Aiman Ismail

Verifying a Database Implementation with TLA+

This is a note — quick thoughts, possibly AI-assisted. Not a fully fleshed article.

tla+distributed-systemsdatabasesformal-methods

Agent-assisted exploration. I'm not a TLA+ expert — this is me learning by doing, with Claude Code helping write and debug specs. All the TLA+ was written collaboratively in a local Claude Code session.


The context: I've been looking at NodeDB, a distributed database with a Rust implementation. All analysis is based on a snapshot of the codebase at commit 44ff3d68 (2026-04-30). The TLA+ specs are on the tlaplus/correctness-specs branch of my fork. Reading the code, I found a few places where the implementation seemed to diverge from what the comments described. Instead of just writing it up as prose bugs, I wanted to try TLA+ to make the case more formally.

This is not spec-first design (the AWS/FoundationDB approach where you write TLA+ before writing code).

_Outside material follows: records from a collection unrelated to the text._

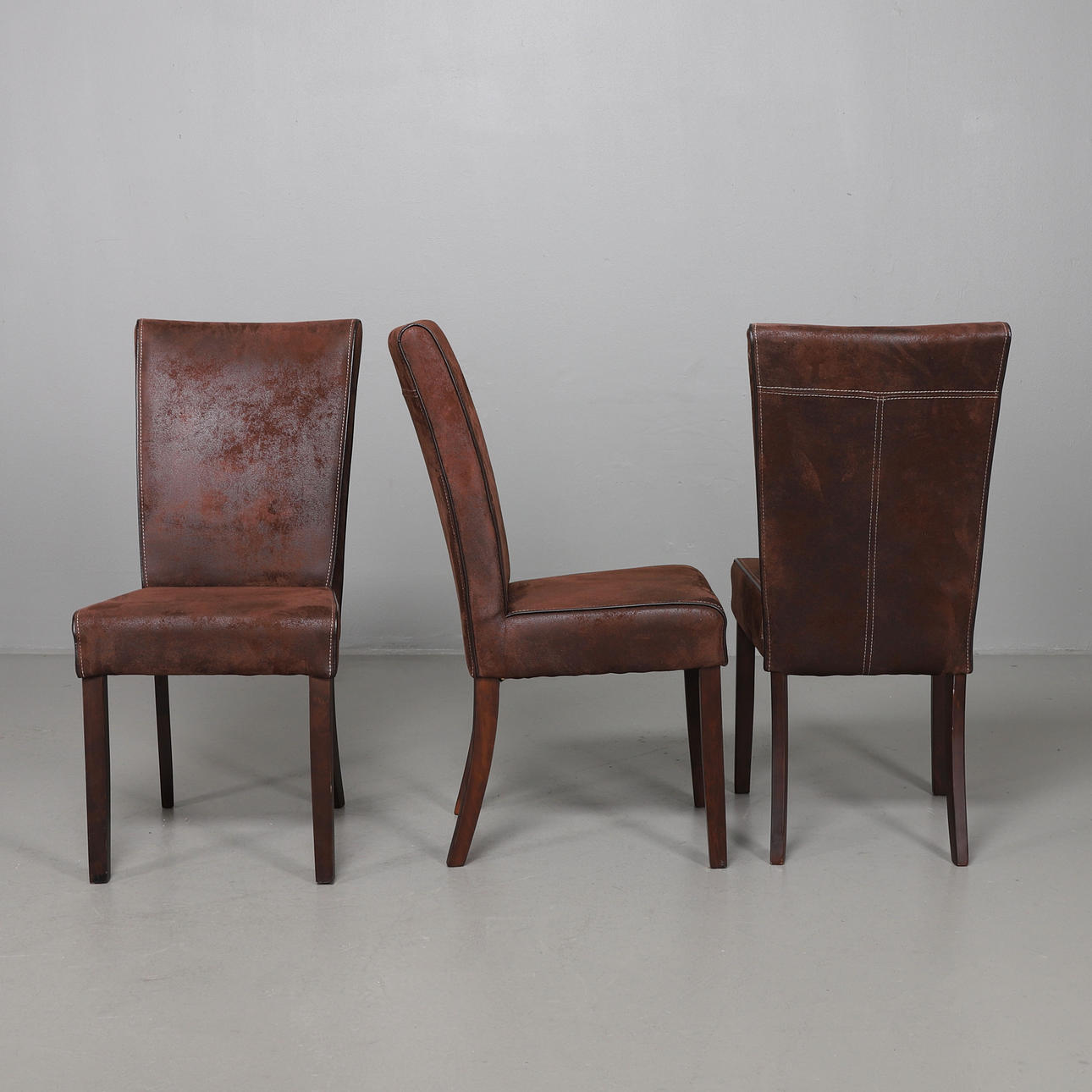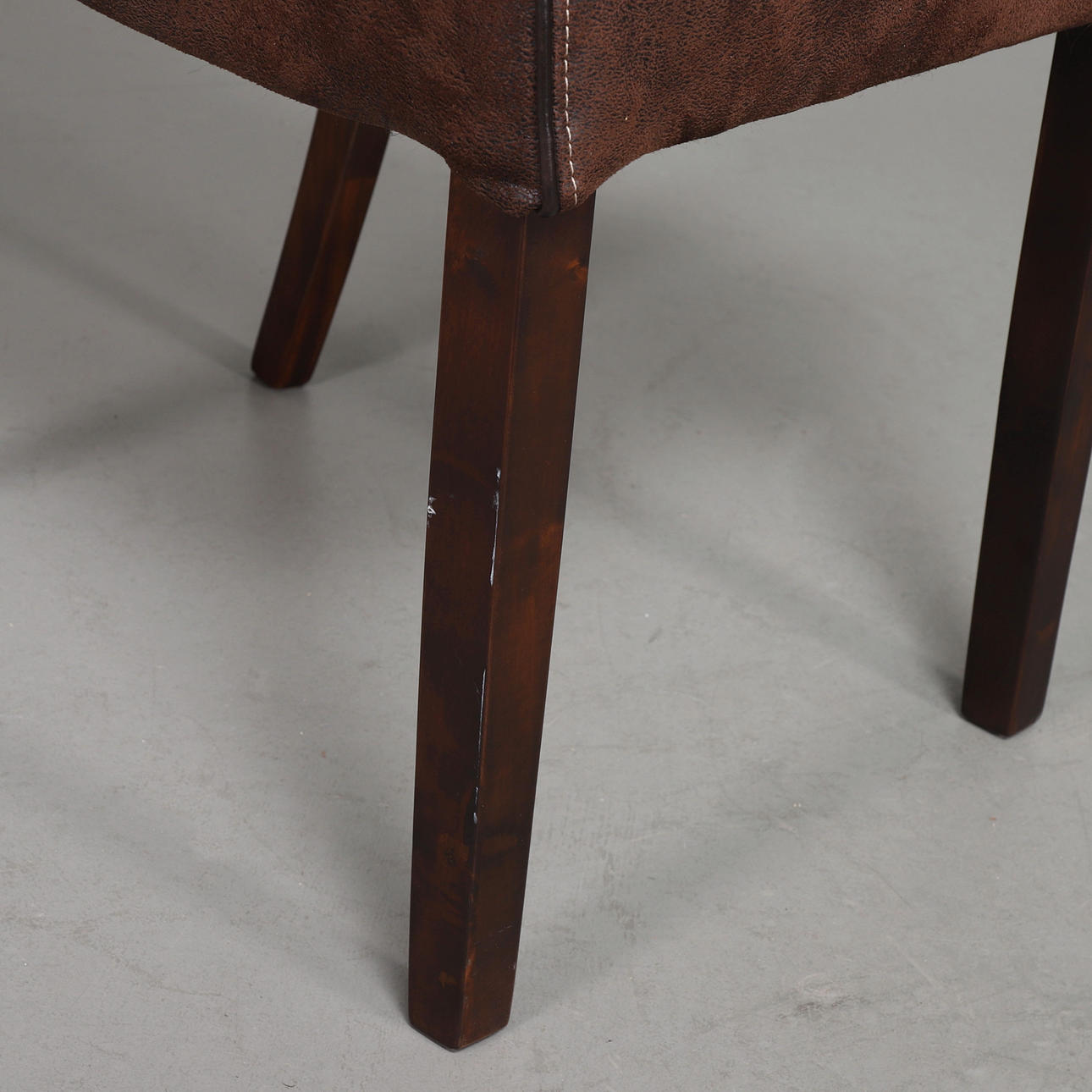 8 sillas de comedor tapizadas en tela imitación gamuza.
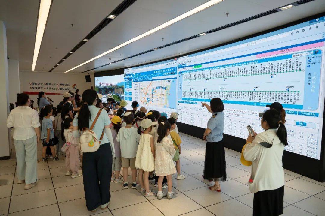活动中,为萌娃们播放交通安全教育警示视频,寓教于乐,萌娃们通过生动的画面和真实案例,真切感受到安全出行的重要性,更加认真学习公交安全乘车注意事项。随后,大家来到公交调度中心,讲解员详细介绍了公交车辆调度、运行监控等公交车有条不紊运行的“秘密”,带领萌娃们感受公交信息化给出行带来的便利。
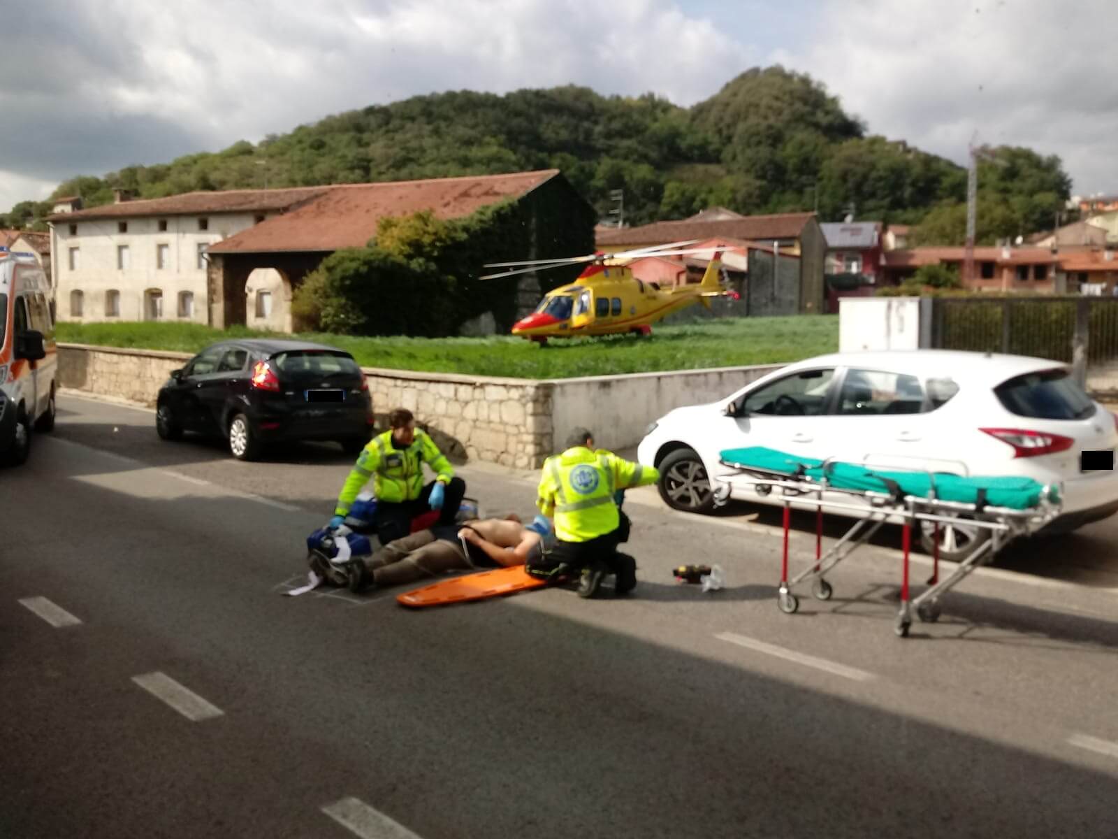 Incidente oggi pomeriggio poco prima delle 14 tra via Matteotti e via Circonvallazione a Montecchio. Per cause in corso di accertamento un ciclista 20enne in sella alla sua bici è caduto nell’opposta corsia di marcia, finendo contro una Ford Fiesta che stava viaggiando in direzione Montecchio. Il ragazzo è stato trasportato a Vicenza con l’elisoccorso; gravi le sue condizioni.
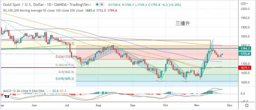關口,金市單邊上升,最高見1758.7美元,但美國假期在即,市場表現不活躍,最後以1755.8美元收市,升6.2美

It's closer to a formal post-mortem: read the code, form hypotheses, encode them as specs, and let TLC produce counterexample traces that are harder to argue with than prose.


Why post-hoc instead of spec-first?

Spec-first (AWS, MongoDB, CockroachDB style) writes TLA+ before the code. TLC explores the state space and finds design bugs you didn't anticipate. The spec is the source of truth; the code is a translation of it.

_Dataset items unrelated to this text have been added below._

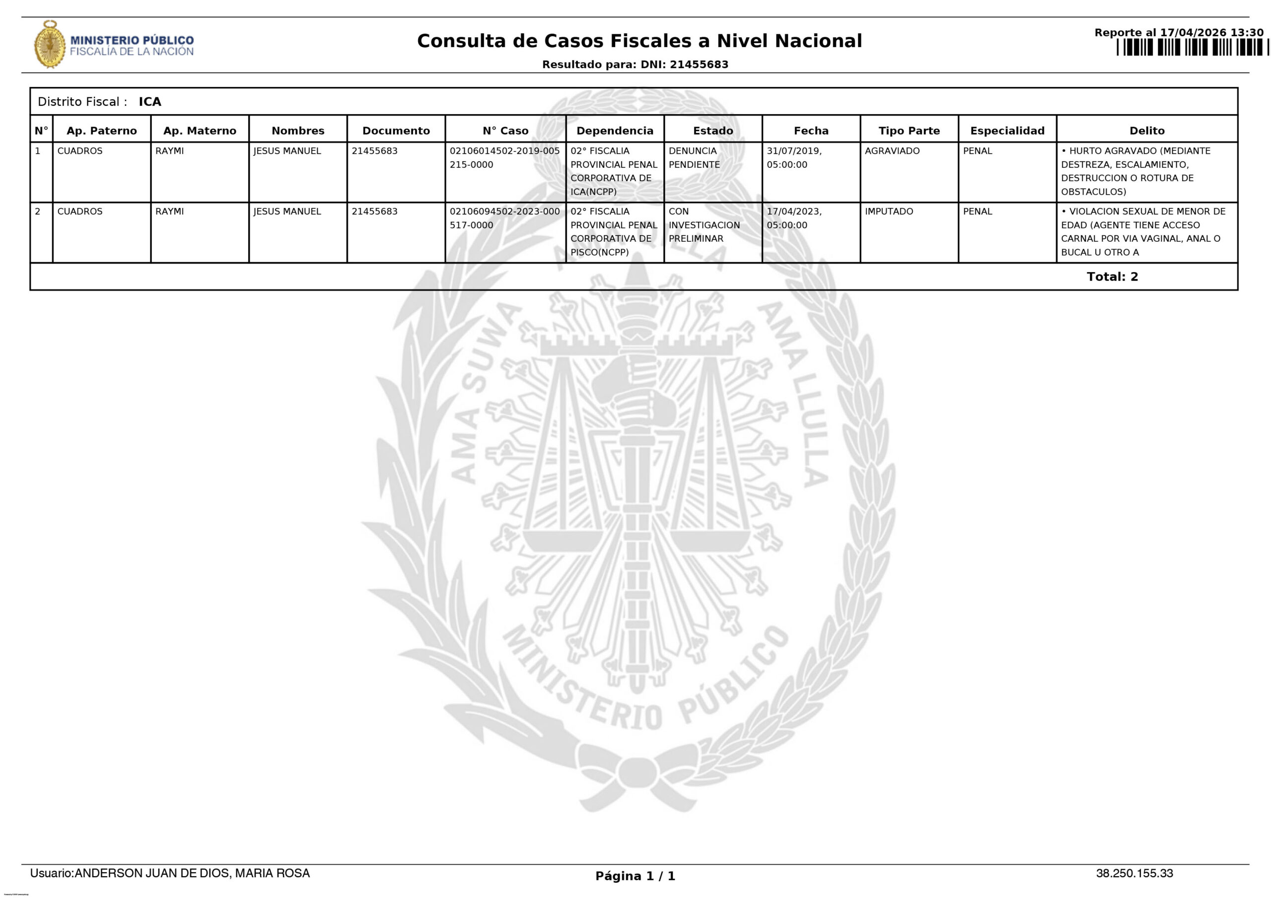El sujeto contaba con dos requisitorias vigentes: la primera, solicitada por el Primer Juzgado de Investigación Preparatoria de Pisco con fecha 22 de junio de 2024 y expediente número 763-2023; y la segunda, emitida por el Juzgado Colegiado de Chincha con fecha 9 de octubre de 2024, ambas por delito de violación sexual a menor.
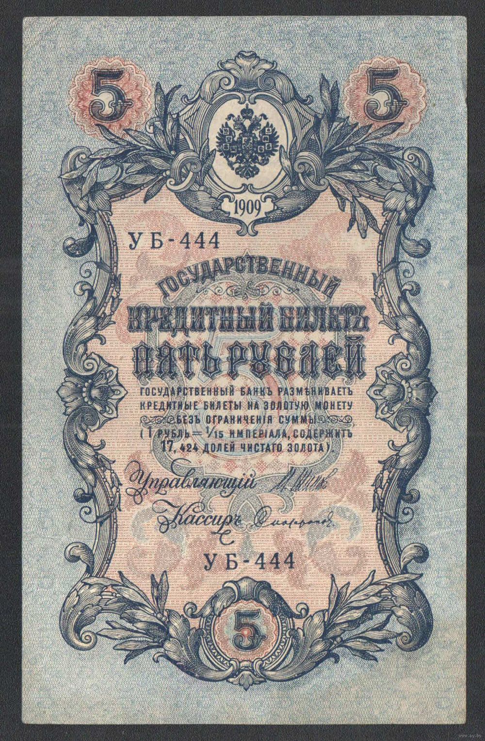 5 рублей 1909 года. Шипов-Сафронов. Правительство РСФСР 1917-1921г.
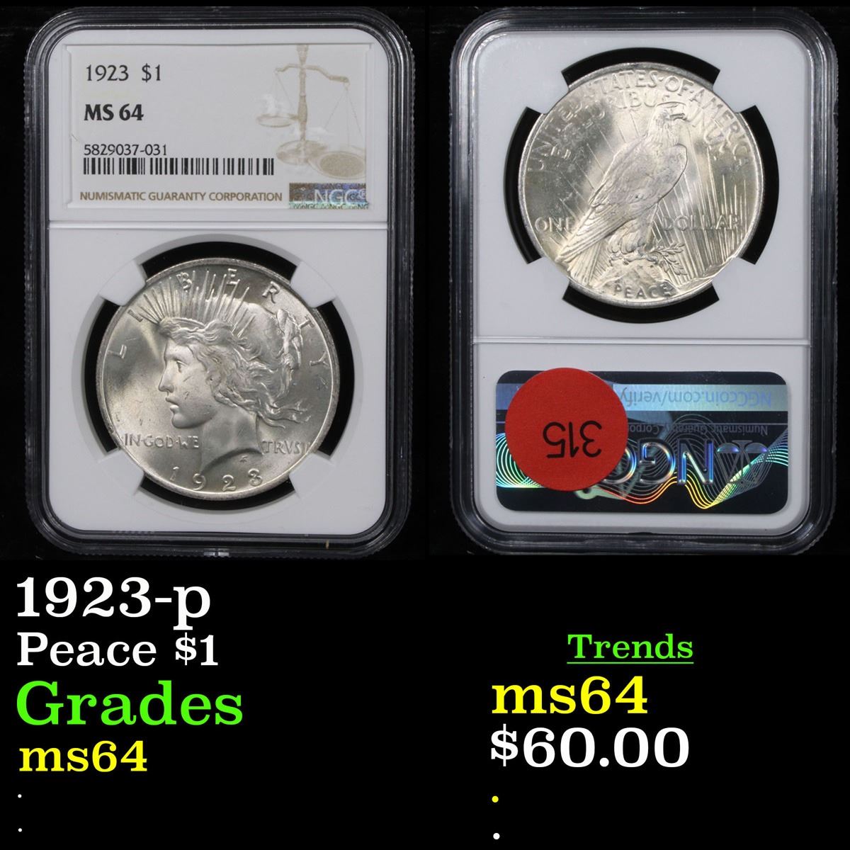 NGC 1923-p Peace Dollar $1 Graded ms64 By NGC.

Post-hoc confirmation works from the other direction: the code exists, you suspect specific bugs, you want rigorous demonstration. The tradeoff:

  • Spec-first finds unknown bugs. Post-hoc only confirms what you already suspected.
  • Post-hoc is tractable on existing code. Retrofitting spec-first to a running system is expensive; you'd need to reverse-engineer the design intent first anyway.
  • Confirmation bias is real. We only checked invariants we expected to fail. The impl specs might violate other properties we never thought to write.

For a learning exercise on a codebase I didn't design, post-hoc made sense. For new greenfield work, spec-first is the better default.


The three-layer structure

Rather than one monolithic spec, I used three layers per subsystem:

  1. Reference spec — defines what "correct" looks like. This is where invariants live — derived from first principles (database theory, distributed systems literature), not from reading the code. Both the protocol spec and impl spec are checked against these invariants.
  2. Protocol spec — models what the code intends to do, as described in comments and docs. Verified it satisfies the reference invariants.
  3. Implementation spec — models what the code actually does. One targeted change per spec. Verified TLC finds the expected violation.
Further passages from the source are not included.